The database at Searchmetrics is always current. Therefore, new, relevant keywords are used for current analyses, such as “Samsung Galaxy S5” or “iPhone 6”, which did not exist previously.
The factors examined are divided into binary and numerical features. This means there is an inherent difference in nature of the factors used in this analysis. This difference should not be neglected in the interpretation of the values.
Elements that are described using binary factors – such as a meta description on the page – are either present or not. There are no gradations. There are also elements with graded characteristics that change in differing degrees. For example, a URL may have zero or six thousand backlinks – but each value in between is also possible.
These numerical factors are in some senses “better” for studies using correlation calculations such as Spearman, with rows and / or ranking principles based on gradations. When it comes to interpretations based on the pure correlation value alone, the statements for numeric factors are often more significant.
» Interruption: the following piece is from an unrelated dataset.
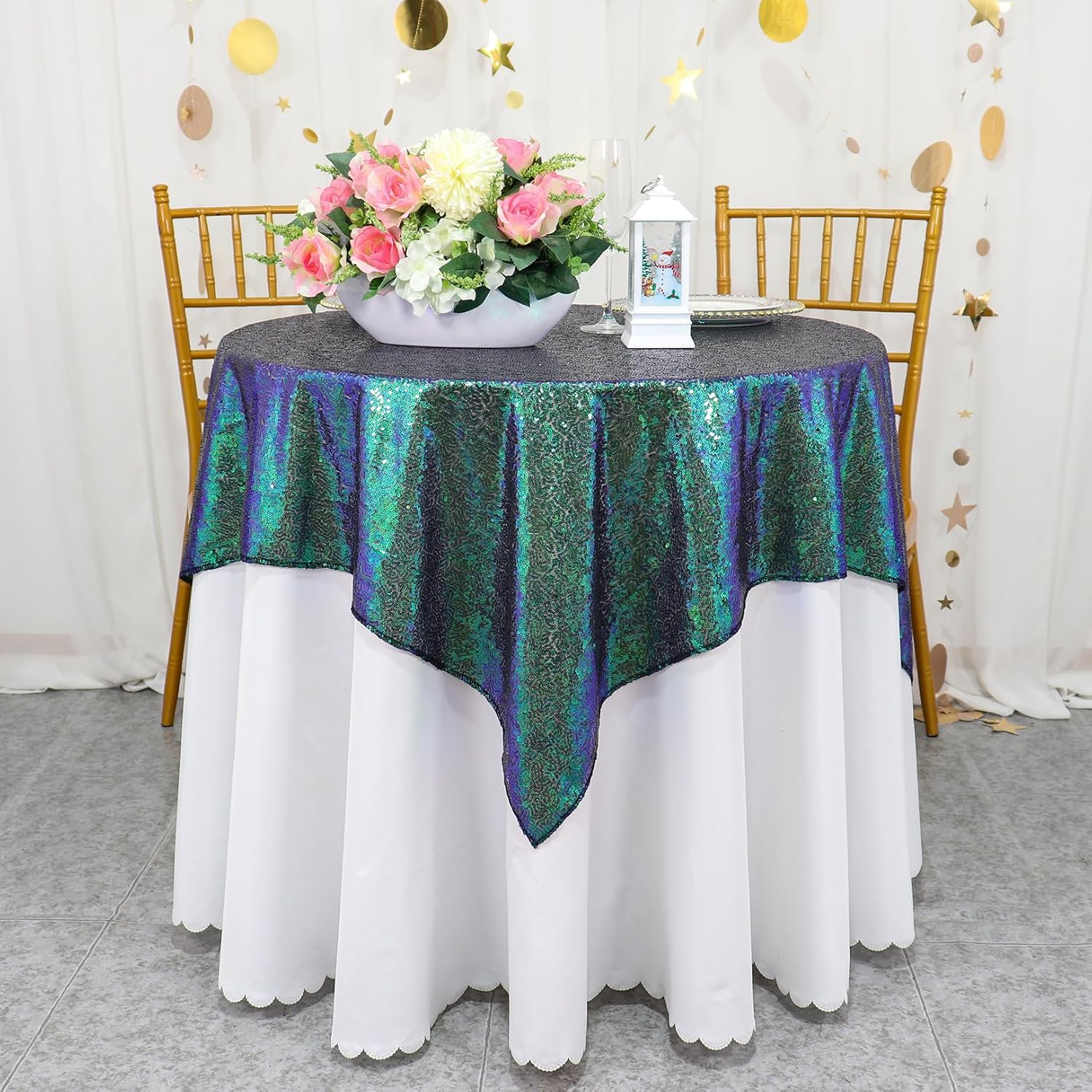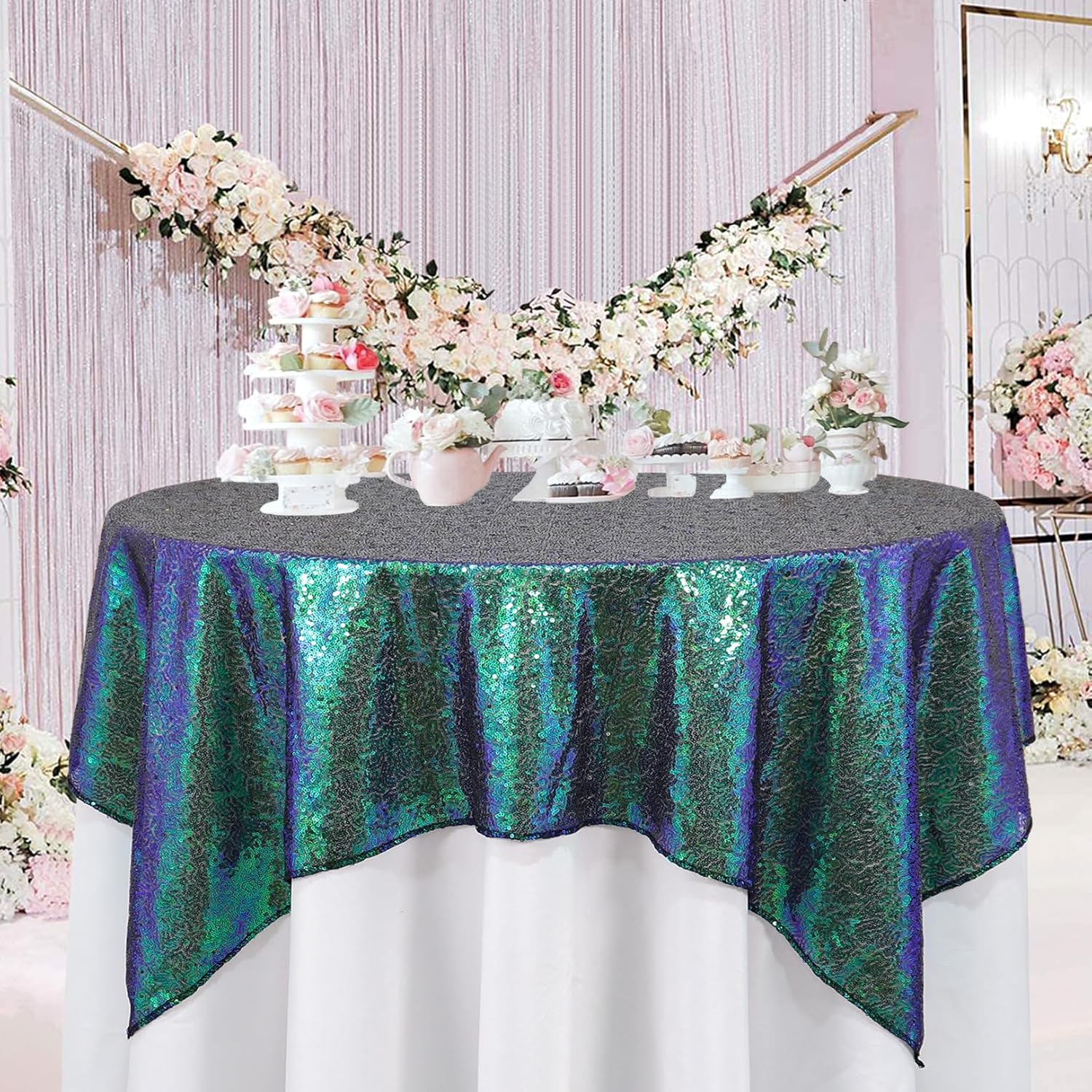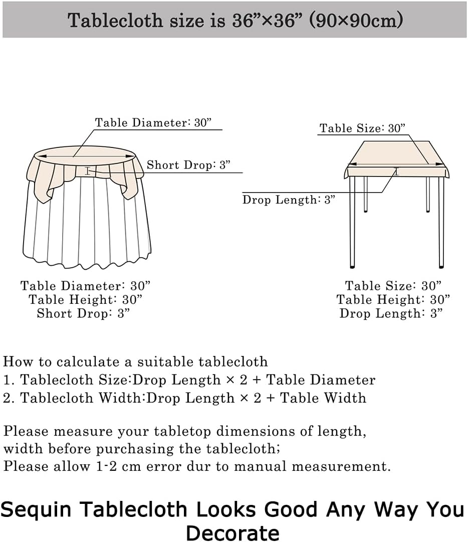 • ❤ SIZE OF SEQUIN TABLECLOTH : 1pc 36x36 Inch Iridescent Green Sequin Tablecloth Table Linen, this small square tablecloth is fit for small round tables under 36''

To support the validity of the correlations of binary features in our study, therefore, an average value must be specified in the rule. For example regarding the factor “Existence of Description”, it may be that there is only a close to zero correlation with rankings, but in fact almost 100% of all URLs have a description (see the example correlation for factor A above).
The correlation values plotted as a bar are always calculated on the basis of all available data per feature, so for one or 10,000 keywords, each graph line has 30 values per keyword.
Average values are calculated from these mean curve values, which also leave out the top five percent of each feature to allow for the smoothest possible curve and a manageable scale (Y-axis), otherwise some lower averages in respective curves would not be seen. Also, individual median and mean values are calculated for features disregarding the top five percent of findings.
One of the constants in the ranking factor studies is an interesting peculiarity in the data that we have dubbed the “brand factor”, present in many factors and observations.
What we mean by brand factor is the observation that websites from high profile brands or with a certain authority generally occupy the very top positons in the rankings, even if they disregard particular factors that the URLs that rank slightly lower adhere to.
For example, on average brands tend not to have a h1-tag on their page, their content has a lower word count and the keyword is not found in the description of the meta-title as often. In a nutshell: from a SEO perspective they are less optimized. On the other hand, brand websites typically feature many more backlinks and social signals than other URLs.
Google is already very efficient at identifying brands from particular sectors and at allocating their URLs a preferential ranking. Values like recognizability, user trust and brand image are also reflected in the SERPs to a certain extent.
It’s fair to say that even Google itself doesn’t know how its own algorithm is made up, so complex have the evaluation metrics become.
The objective of Searchmetrics “Ranking Factors” studies is not to produce a gospel of absolute truth. Instead, we consider Searchmetrics studies to be a methodological analysis from an interpretative perspective. What this means is that we aim to provide the online industry with easy access to a data toolbox. By using this toolbox, the industry can make informed decisions based on our intensive research across a wide spectrum of criteria.